When are the best times to fish?
Captain Sergio: “My experience for the best time to fish has been from sunrise to 10 am, depending on cloud cover. On cloudy days you can stretch it a couple of extra hours and on bright sunny days, maybe less. Once the sun’s rays start to warm the water, the fish tend to move towards the outer edges of the channel and even into deeper flats to feed and return at sunset.
Things to take into consideration are water temperature and tides. The lower the water temperature, the better the bite. Combined with low tides you have the perfect ingredients for a successful fishing trip.”
“The low winter tides, due to high pressure systems, force fish into deeper, warmer waters for self-preservation. This will then give the angler the advantage!”
What are some tips on where and how to increase your chances of catching fish in windy conditions?
Captain Sergio: “Here are few good areas to explore during windy conditions.”
“Docks make the perfect spot to hide from the wind and catch fish. Here is what we have structure, depth, and warmer water. The docks take in the sun’s rays and act as a radiant heater. This increases the water temperature to as much as 3 to 4 degrees higher than the surrounding water.”

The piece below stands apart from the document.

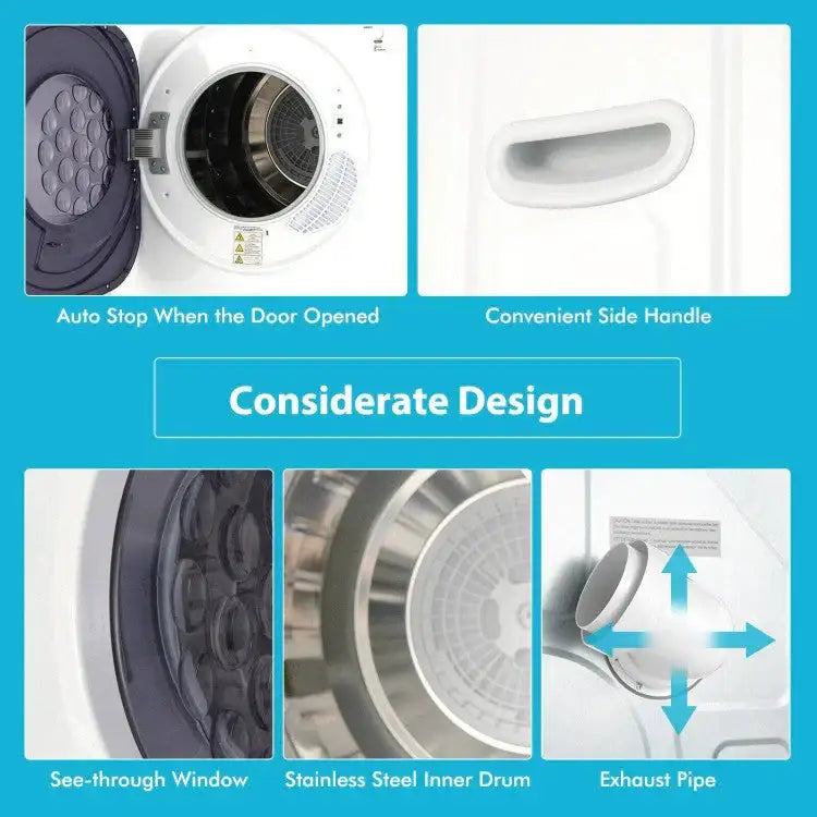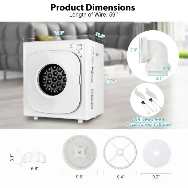 Make laundry day easier with this 1500W Compact Laundry Dryer, designed for small spaces without sacrificing drying performance. Featuring a sleek touch control panel and multiple drying modes, this electric dryer ensures your clothes come out warm, dry, and wrinkle-free. Ideal for apartments, dorms, and RVs, it offers quiet operation, efficient performance, and easy installation whether mounted on the wall, stacked, or placed freestanding.

“Concrete Sea Walls act as a heater with the help of the sun. Ever notice how many fish you see swimming along many seawalls during the winter months? It is simple. The water temperature tends to be 2 to 4-degrees warmer, thanks to the rays from the sun heating the concrete and creating a highway of warn water for them to travel through.”

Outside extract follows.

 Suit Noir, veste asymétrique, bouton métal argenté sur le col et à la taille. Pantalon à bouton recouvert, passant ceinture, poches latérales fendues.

“Find the cuts or small channels used by boaters with grass or rocky edges. As the tide drips with winter negative tide, the fish need to find refuge in warmer water.”
“Look for man made or natural Dredge Holes or Bomb Holes caused by natural water movement. Fort DeSoto still has many bomb holes from the early 50’s when the area was used as a bombing range. Weedon Island also has several nice deep holes if you take the time to look for them.”
“Rivers and Creeks are all good sources of warm water during the fall and winter months. The decaying leaves and dark muddy bottom help to increase water temperatures.”
What are some techniques fishing around Power Plants?
Captain Sergio: “I have two methods for fishing the power plants. The first method is where I work my way as far up as I can towards the hot water runoff and start a slow drift using a light jig head with live medium shrimp hooked from the tail. Slowly bounce the jig head along the bottom for flounder and sheepshead. The good thing about doing this, is that if you see a manatee, there is a good chance a cobia could be hanging around it. Be careful not to cast too close to it. Let the cobia come to you and in most cases they will.”
“The second method is to find a spot where the water tends to swirl and try to anchor. If you are lucky enough to own a trolling motor with a spot lock, use it to keep you stationary. I like to use a #4 split shot about six inches from the hook. A 2/0 circle hook works great. Cut the tail off the shrimp and thread the hook from the bottom up through the back part of the tail. Make sure the shrimp are of medium size. There are some places that tend to have smaller size medium shrimp. In this case, I recommend moving up to a large shrimp.”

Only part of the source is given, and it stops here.